_Information provided_

▼

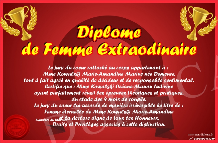 Envoyez par email votre Diplôme de Femme Extraodinaire personalisé
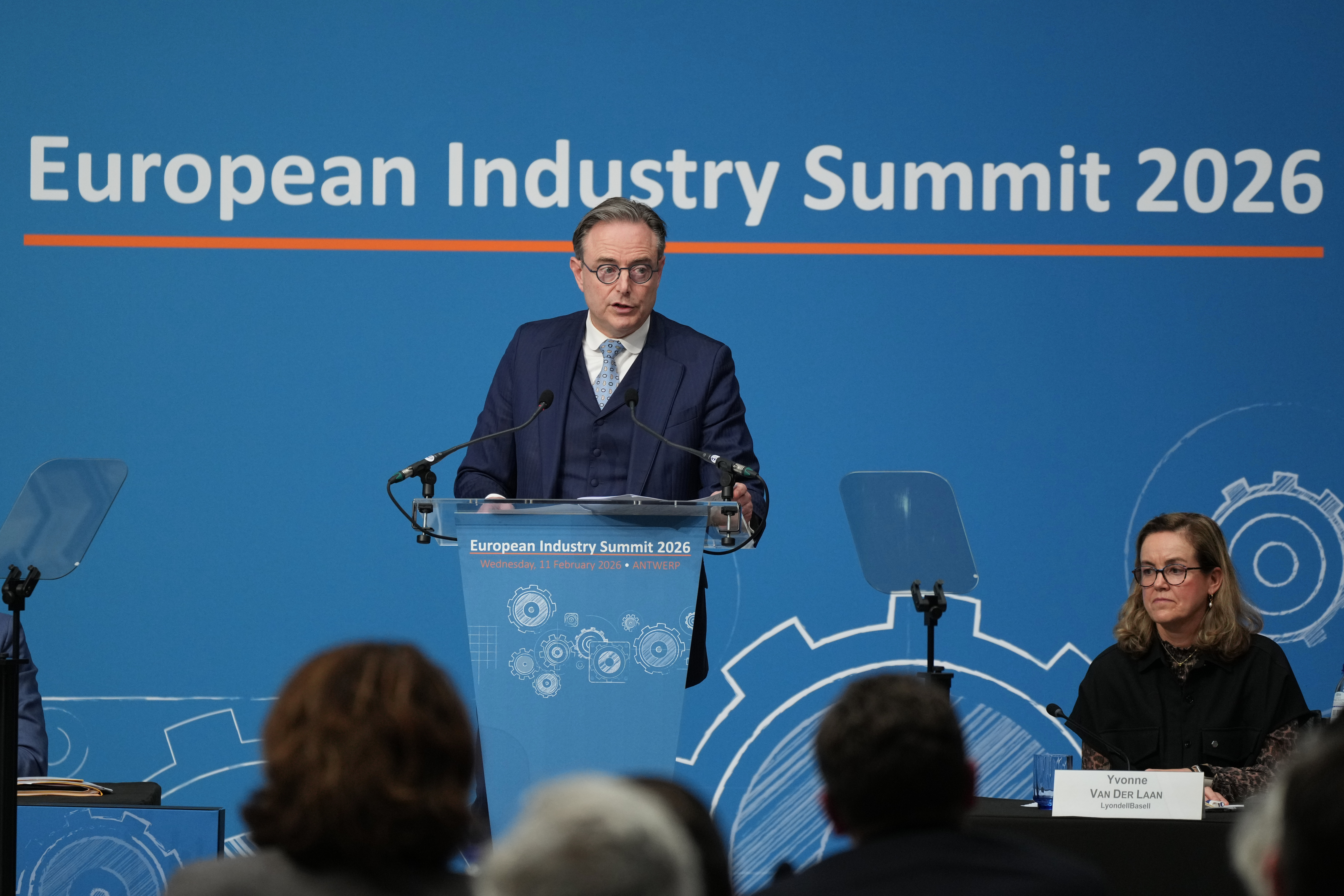 Thủ tướng Bỉ Bart De Wever phát biểu tại Hội nghị Thượng đỉnh Công nghiệp châu Âu ở Antwerp, Bỉ, ngày 11/2/2026. (Ảnh: AP/Virginia Mayo)
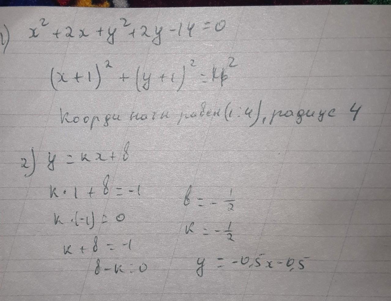 1.Определите центр и радиус окружности, заданной уравнением : x²+2x+y²+2y-14=0
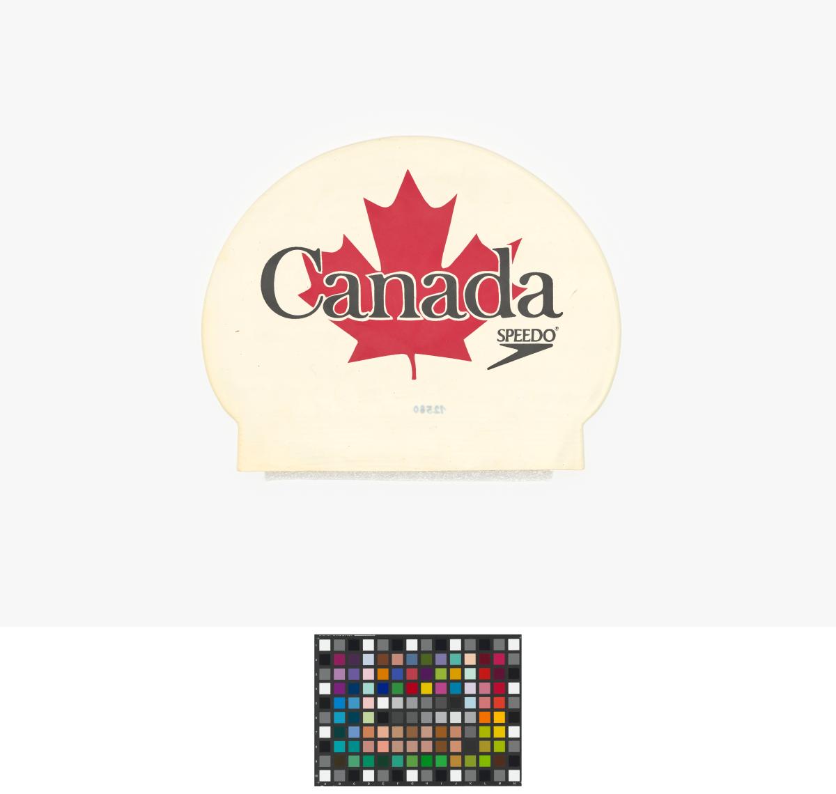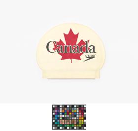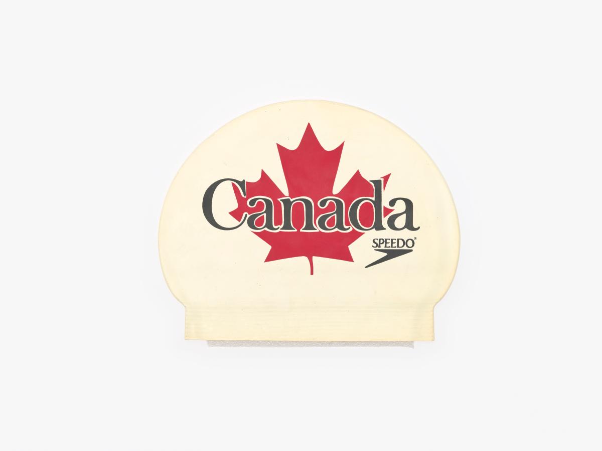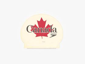 White swimming cap with maple leaf of Canada and the caption: "Canada". Manufacturer's logo.
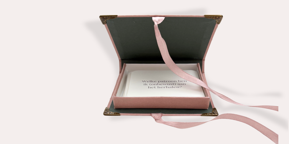In dit luxe handgemaakte doosje vind je 20 reflectiekaarten met korte, uitnodigende vragen om bij stil te staan.
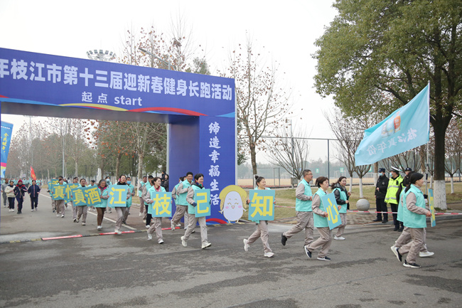 普及全民健身,缔造幸福生活。12月28日上午8:30分,枝江市第十三届迎新春健身长跑活动在枝江市文体中心鸣枪开跑。枝江酒业组织100名干部职工高擎真年份大旗,统一着装,迈着矫健的步伐,以饱满的热情,奋勇争先,在畅快淋漓的奔跑中喜迎充满无限希望的2024新年到来。
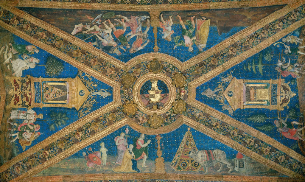 Maar al geven de heiligen op de muur de zaal haar naam, het pièce de résistance is toch het plafond. Het blauw van de achtergrond en het goud van de randen domineren de zaal. De schilderingen zijn onderverdeeld in twee segmenten, die elk weer opgedeeld zijn in vier onderdelen. Afgebeeld is het verhaal van Isis en Osiris zoals we dat bij Diodorus vinden, te beginnen met de noordelijke helft van het plafond. Tussen de twee plafondhelften in bevinden zich nog vijf afbeeldingen die Ovidius’ verhaal over Jupiter en Io illustreren: een verhaal over een rund dat uiteindelijk in Egypte belandt en de godin Isis wordt.
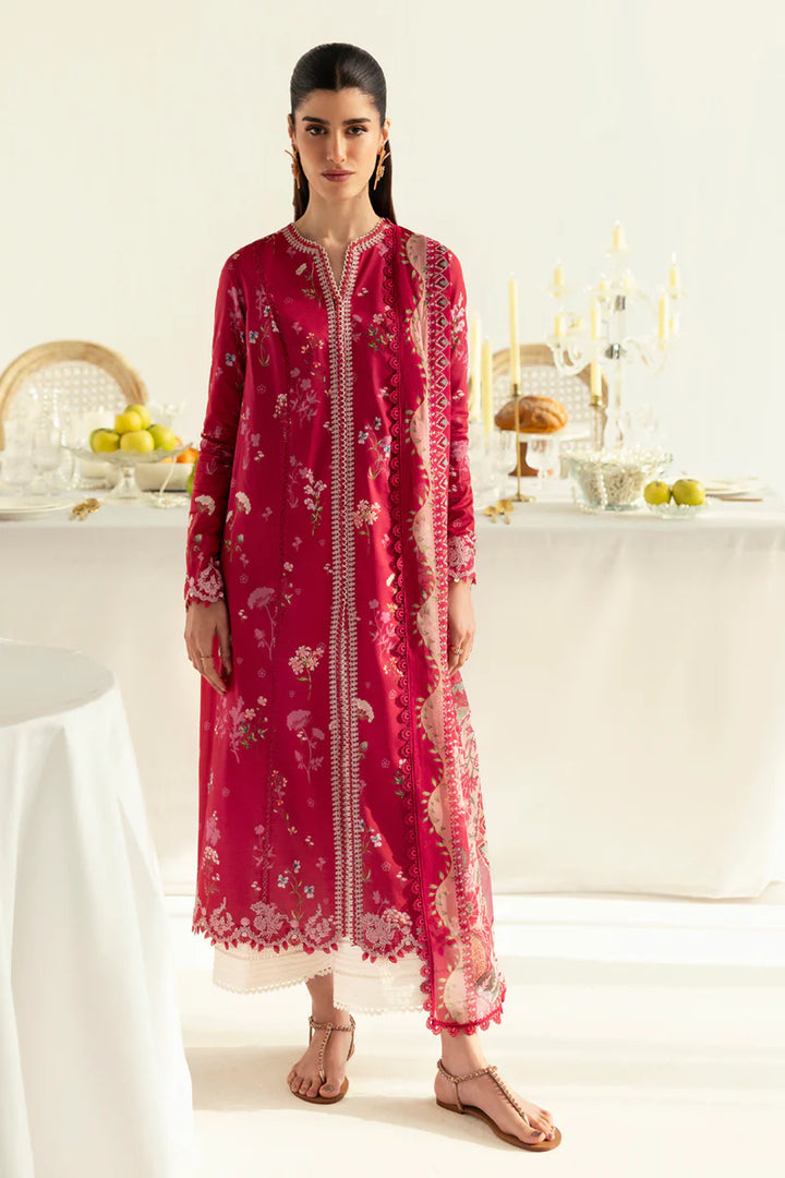 Shirt Digital Printed Front Digital Printed Back Digital Printed Sleeves Embroidered Border (Front & Sleeves)Embroidered Lace (Front Center) Dupatta Digital Printed Chiffon Dupatta TrouserPlain Trouser Fabric Details Shirt : Lawn (Printed) Dupatta : Chiffon (Printed)Trouser : Cotton (Dyed) Delivery Time Pakistan...

▲

_Requirement_
Please retype every record above exactly, leaving out the pictures.

_Solution_
 Envoyez par email votre Diplôme de Femme Extraodinaire personalisé
 Thủ tướng Bỉ Bart De Wever phát biểu tại Hội nghị Thượng đỉnh Công nghiệp châu Âu ở Antwerp, Bỉ, ngày 11/2/2026. (Ảnh: AP/Virginia Mayo)
 1.Определите центр и радиус окружности, заданной уравнением : x²+2x+y²+2y-14=0
 White swimming cap with maple leaf of Canada and the caption: "Canada". Manufacturer's logo.
In dit luxe handgemaakte doosje vind je 20 reflectiekaarten met korte, uitnodigende vragen om bij stil te staan.
 普及全民健身,缔造幸福生活。12月28日上午8:30分,枝江市第十三届迎新春健身长跑活动在枝江市文体中心鸣枪开跑。枝江酒业组织100名干部职工高擎真年份大旗,统一着装,迈着矫健的步伐,以饱满的热情,奋勇争先,在畅快淋漓的奔跑中喜迎充满无限希望的2024新年到来。
 Maar al geven de heiligen op de muur de zaal haar naam, het pièce de résistance is toch het plafond. Het blauw van de achtergrond en het goud van de randen domineren de zaal. De schilderingen zijn onderverdeeld in twee segmenten, die elk weer opgedeeld zijn in vier onderdelen. Afgebeeld is het verhaal van Isis en Osiris zoals we dat bij Diodorus vinden, te beginnen met de noordelijke helft van het plafond. Tussen de twee plafondhelften in bevinden zich nog vijf afbeeldingen die Ovidius’ verhaal over Jupiter en Io illustreren: een verhaal over een rund dat uiteindelijk in Egypte belandt en de godin Isis wordt.
 Shirt Digital Printed Front Digital Printed Back Digital Printed Sleeves Embroidered Border (Front & Sleeves)Embroidered Lace (Front Center) Dupatta Digital Printed Chiffon Dupatta TrouserPlain Trouser Fabric Details Shirt : Lawn (Printed) Dupatta : Chiffon (Printed)Trouser : Cotton (Dyed) Delivery Time Pakistan...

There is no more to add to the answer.